The injury condition (chilling/freezing) of the isolates represents an important factor in the modulation of the transcription process and can explain the absence of transcripts in 17/46 isolates and the high transcription of stress-related genes (dnaJ and p19).

The lower transcription of ciaB is justified by the modulation of transcription according to the needs of Campylobacter, with ciaB being more expressed when the bacterium finds a favorable invasion condition inside the host [73]. The low transcription of sodB was expected, since only two strains presented the gene and both produced transcripts. The production of transcripts identified exclusively in C. jejuni for at least three of the investigated genes indicates its greater adaptation to adverse conditions (cooling/freezing), which allows better regulation and maintenance of the transcription process.

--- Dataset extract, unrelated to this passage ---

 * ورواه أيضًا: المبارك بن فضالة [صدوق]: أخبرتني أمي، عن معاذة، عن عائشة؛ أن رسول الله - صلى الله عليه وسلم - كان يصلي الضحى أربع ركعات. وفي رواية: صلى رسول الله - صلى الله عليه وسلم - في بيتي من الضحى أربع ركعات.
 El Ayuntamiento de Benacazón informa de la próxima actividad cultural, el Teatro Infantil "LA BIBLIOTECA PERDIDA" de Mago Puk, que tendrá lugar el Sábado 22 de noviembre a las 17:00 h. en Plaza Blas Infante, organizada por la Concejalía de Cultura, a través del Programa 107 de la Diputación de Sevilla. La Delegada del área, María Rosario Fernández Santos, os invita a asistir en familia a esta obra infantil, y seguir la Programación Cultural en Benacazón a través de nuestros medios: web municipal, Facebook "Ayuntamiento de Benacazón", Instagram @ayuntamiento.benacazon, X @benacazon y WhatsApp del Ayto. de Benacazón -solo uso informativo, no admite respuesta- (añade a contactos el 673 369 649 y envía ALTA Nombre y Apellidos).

4.4. Similarity of Campylobacter Isolates

The identification of bands by RAPD analysis was not possible in all strains, due to failure of DNA amplification indicated by the absence of banding or the possible interference of nucleases; both cases can be identified in several strains [74].

For Campylobacter spp. from chicken carcasses, the failure to cluster reflects the presence of distinct species common in some regions, which include simultaneous contamination with C. consius, C. foetus, C. hyoilei, C. lari and C. mucosalis [75].

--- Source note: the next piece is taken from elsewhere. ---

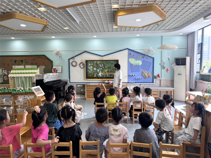 小班幼儿初次踏入幼儿园,对园内的一草一木充满好奇。孩子们在散步时被高高低低的大树吸引:“这是什么树呀?叶子黄黄的,像扇子一样”“石榴树好高啊!”这些稚嫩的问题开启了班树活动的序幕。教师们通过图片、视频和实地观察,引导孩子们认识树木的种类与特征,最终通过民主投票选定班树。例如,有的班级选择石榴树,因其“果子好吃”;有的选择樱花树,因为“花花很好看”;还有的选择乌桕,因它“直直的,像自己一样想长高”。这种自主选择的过程,增强了幼儿对班树的认同感与归属感。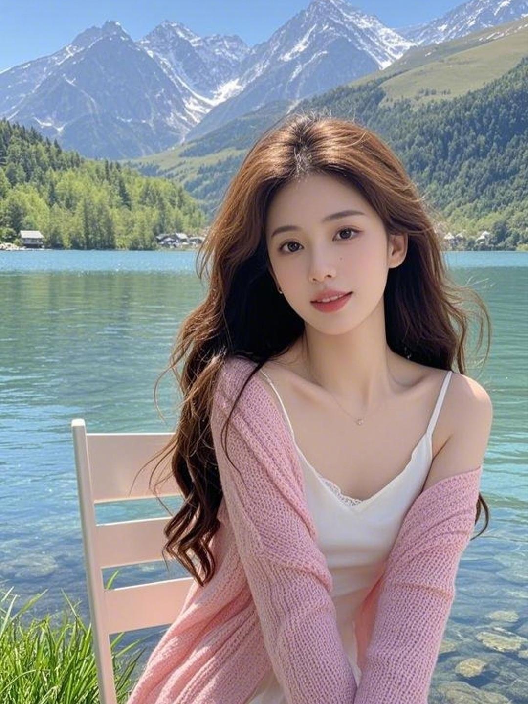 海浪把晚霞揉进碎金里,她披着风坐在礁石上,像朵刚被海风吹开的白栀子。蕾丝裙边跟着

The formation of clusters containing strains from two or more meat matrices (Figure 3a) in Campylobacter spp. indicates greater proximity between isolates from distinct matrices. Modeling studies on genomic plasticity in Campylobacter demonstrate that this pathogen presents a generalist gradient that allows colonization of new niches and optimizes the ability to survive rapid transitions in different hosts, evidencing that the acquisition of the same strain may originate from more than one source [54].

Persistence of strains in the same state and in different periods has been identified in C. jejuni isolated from chicken carcasses. This maintenance indicates disregard of biosecurity standards and self-control programs coupled with the potential of the strains to establish themselves in the sessile life form and determine recurrent contamination of the final product. Indications of reintroduction and persistence of genetically identical strains have been investigated during the production cycle in broiler and turkeys, and intervention measures such as empty periods and microbial decontamination techniques reduce Campylobacter spp. prevalence in primary processing [76].

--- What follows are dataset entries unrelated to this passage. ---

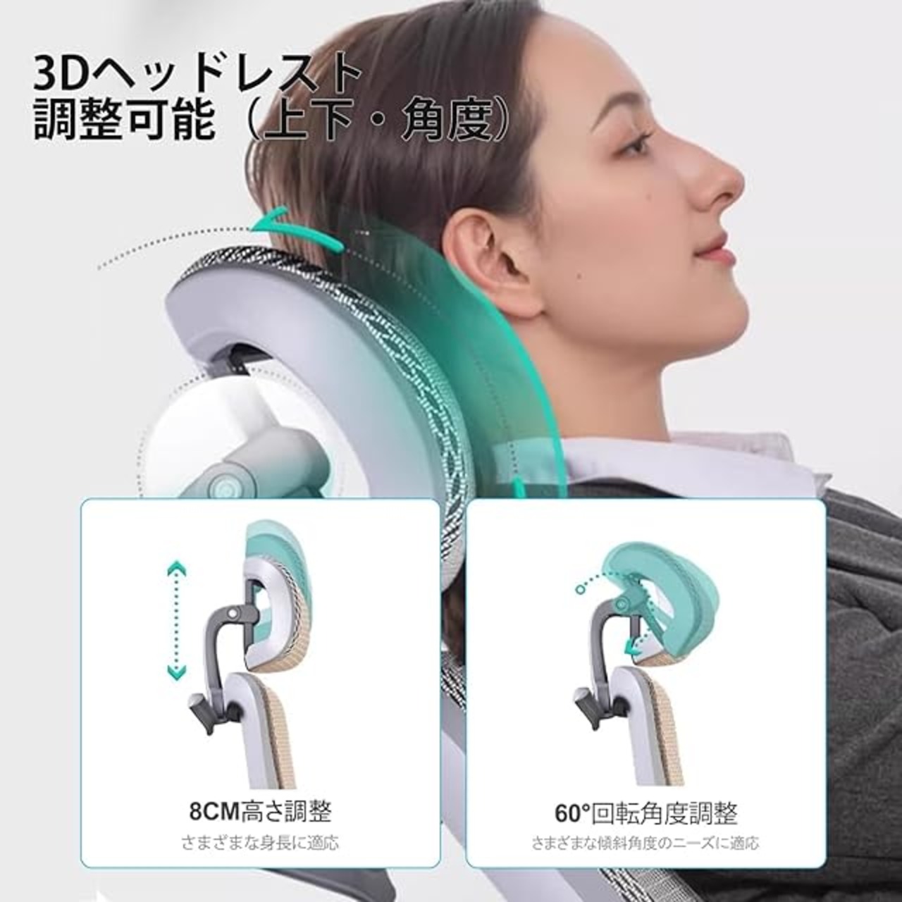 【多機能・高級感椅子】本椅子は上から3Dヘッドレスト装備して余分な頚支持問題を完璧に解決します。全身特製メッシュ素材で落ちる問題と通気性の問題を解決します。さらに一体化のオットマンと145度リクライニング機能は十分な休憩体験を満たします。5cmの座り奥行調整と10cmの高さ上下調節できて、ほとんどの人の身長に対応できます。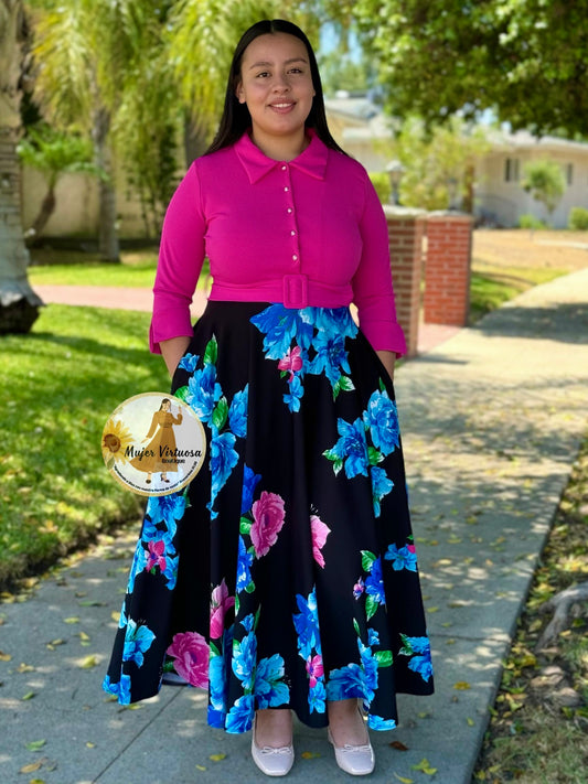Hadassah Fucsia Belted Floral Dress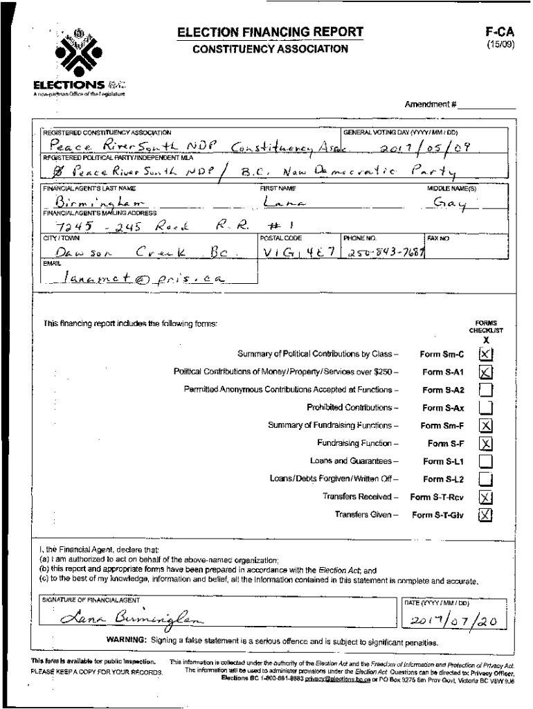 ELECTION FINANCING REPORTFCACONSTITUENCVASSOCIATION(15/09)ELECTIONS A nonpartisan Office of the LegislatureAmendment# _ _ _ _ __REGISTERED CONSTITUENCY Association. CeR,.(., Sc.1\'+LND registered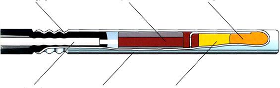 Гильза детонатора сделана из алюминия и имеет длину от 45 до 95 мм, в зависимости от времени замедления. Детонаторы несут предупреждение ДЕТОНАТОР ОПАСНОГО ВЗРЫВЧАТОГО ВЕЩЕСТВА. Элемент задержки состоит из алюминиевой трубки заполненной пиротехническим составом. Используя, элементы с различными скоростями горения и изменяя длины трубок, можно получить различные степени замедления. Элемент инициирования состоит из стальной трубки, заполненной взрывчатым веществом PETN, который является вторичным взрывчатым веществом. Основная первичная нагрузка состоит из взрывчатого вещества ГЕКСОГЕНА снаряженного в алюминиевой гильзе. Детонатор в нонель – системе состоит из следующих частей: · металлическая (алюминиевая) гильза; · нонель – трубка; · элемент инициирования (PETN)-вторичное ВВ; · элемент задержки (степень замедления) пиротехнический состав; · основная нагрузка (гексоген) -первичное ВВ; · резиновый штепсель – уплотнитель; · бумажная лента (пленка) на нонель – трубке на которой указывается степень замедления и длина гильзы.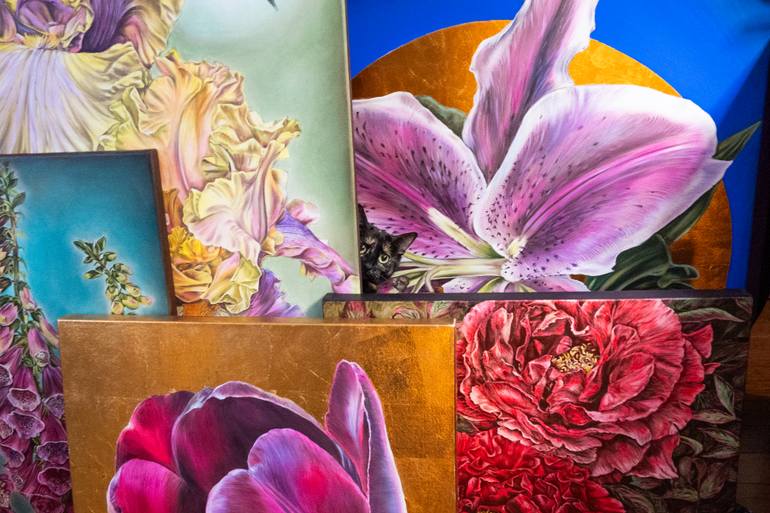 The idea of my floral art collection was to present enlarged colourful plants painted on the gold leaf background, which reflects the light beautifully and emphasize the innocence of flowers. Depending on the light angle and intensity the subject appears differently on the background, it changes the...

The spread of genotypes across different regions of the country was the most identified fact in the strain similarity analysis. This indicates that the perpetuation of similar strains in different regions occurs due to the trade of products and that they can determine the dissemination of these profiles at a global level, considering the importance of the country in the export of animal protein [77].

5. Conclusions

We conclude from this study that multiple factors are involved in Campylobacter epidemiology, allowing a distribution among regions and the persistence of strains in chilled and frozen meats of different origins. The higher prevalences in chicken carcasses indicate the main focus of control in the country, but monitoring in bovine and porcine carcasses should be a central point to extend control. C. jejuni is the most important species in the country, but monitoring should be extended to other Campylobacter species, considering the high levels of resistance and virulence identified and the genetic plasticity of this genus. Selection pressure for emerging freeze-adapted, multivirulent and MDR strains indicates the need for a comprehensive assessment of Campylobacter molecular mechanisms as a measure to support the implementation of widespread surveillance strategies for this pathogen.